# badly faded ford ka bumpers/trim



## primo (Feb 3, 2012)

What would you recommend for binging these back from the dead! looking for something like c4 but for bigger areas .cheers


----------



## ABC Detailing (Jun 29, 2010)

AG Bumper Gel does the job for me but I'm sure there is better for more money.


----------



## justina3 (Jan 11, 2008)

af gel works well and lasts


----------



## [email protected] (Apr 28, 2011)

Heat gun


----------



## Pookini (Jan 19, 2011)

heat gun and then use to trim restorer to even it out as the heat gun will make it a bit patchy!


----------



## bero1306 (Jan 24, 2011)

AS Trim Ultra is very good and lasts. Needs 4 hours to cure though.
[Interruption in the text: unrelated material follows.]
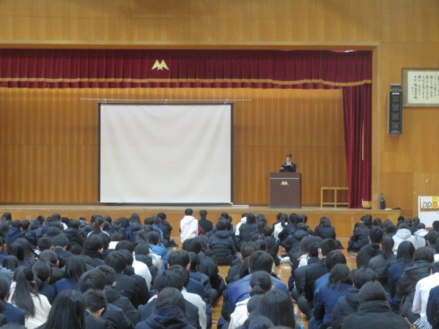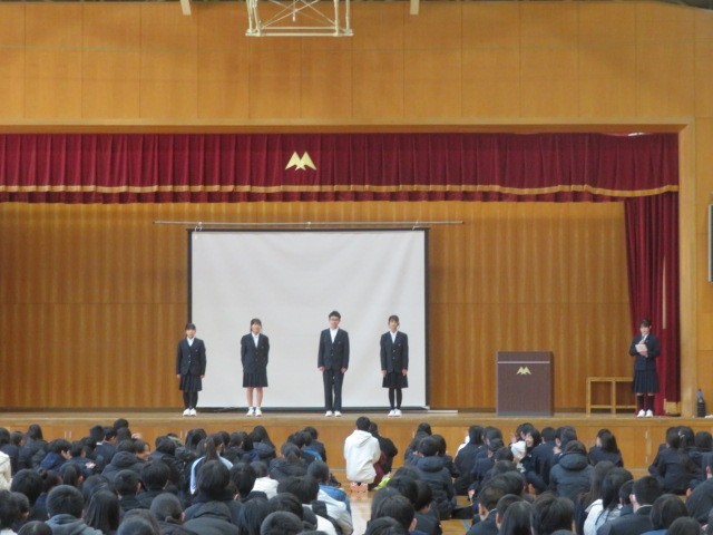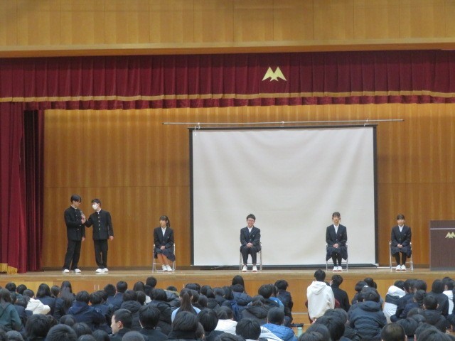 6限に1年生が全校生徒に向けて発表をする、トークイン双ヶ丘が体育館にて行われました。10年後の自分への手紙をテーマに、各クラスの代表者1名が発表しました。自分の得意なことや興味のあること、また将来の夢など、自分たちのキャリアについて考えてきた内容でした。将来の自分に期待を込めた、とても素晴らしい発表でした。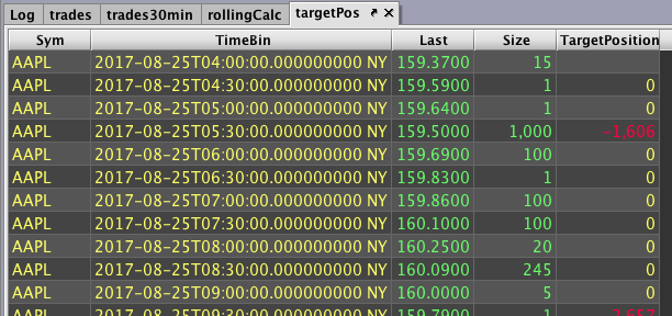 targetPos = rollingCalc.updateView("Zscore=(Std > 0) ? (Avg-Last)/Std : NULL_DOUBLE", "AdjZscore=signum(Zscore) * min(maxPos, max(abs(Zscore)-minEdge), 0.0)", "TargetPosition=(int)(liquidity*AdjZscore/Last)")

Also Wolfs Black Out.


----------



## The Cueball (Feb 8, 2007)

heat gun or hair dryer

:thumb:


----------



## Maurice100 (Mar 2, 2012)

In the past we have used AG black dye, works a treat but you will need to mask off your paintwork and wheels.


----------



## Alan H (Jun 28, 2009)

I treated my wife's Ka bumpers with Dodo Juice Fantastic Plastic...



















Some slight patchiness on the first application, but as I've re-applied when I've cleaned her car it has evened out the patchiness and leaves a nice natural, non-oily finish.


----------



## james_death (Aug 9, 2010)

Heat gun/ hairdryer...

Then keep them protected from fading with regular coating.


----------



## Summit Detailing (Oct 9, 2006)

heat gun, nut oil...and a fair amount of time & patience:thumb:


----------



## fatdazza (Dec 29, 2010)

I am amazed that no one has mentioned C4. Expensive, but so long lasting.

Oops - just re read the OP's post. Doh! Still think C4 is the answer though lol


----------



## **caz** (Apr 10, 2011)

I use meguiars trim detailer! It's about £8 and the bottle lasts forever! You only need the tiniest amount and it works wonders n lasts too! I am still on the original bottle which I've had for a loooong time!


----------



## craigblues (Jul 24, 2011)

A heat gun will only bring it back once. As it brings the oil out I believe. Once it fades again it will not be able to come back with a heat gun/hairdryer again.

Better to just restore using a product gel of some form.


----------



## primo (Feb 3, 2012)

Cheers for the advice guys


----------



## james_death (Aug 9, 2010)

craigblues said:


> A heat gun will only bring it back once. As it brings the oil out I believe. Once it fades again it will not be able to come back with a heat gun/hairdryer again.
> 
> Better to just restore using a product gel of some form.


Thats still temporary.... you loose nothing by heat gun treatment as if you let it bleach again you use as you say a restore coating anyway, however if you restore it and keep it protected it will never fade again...:thumb:

Just the same with a faded red motor once you have the gloss back you need to keep it protected from the UV damage again.

The restoring coatings are just that a coating its hiding the fading not returning it back to original.


----------



## thehulk2002 (Mar 16, 2011)

I have both C4 a little goes a long way and lasts 2 years and I have AF Revive which is 8 pounds from polished bliss and its free delivery not like cleanyourcar where they charge you for any order unless its over 50 pound. So give AF Revive a go its got good durability as someone of here told me about it hope that's helped you fella


----------



## Sh00ter (Jun 11, 2006)

I had to do the daughters Ka a couple of months ago, ended up getting some Valet Pro Dionysus Trim Glitz - and can say its very good, she's back from Uni this weekend and I was surprised that it looks like it was done yesterday! 
The Glitz is dead easy to apply,and beads like crazy! Am well impressed with it


----------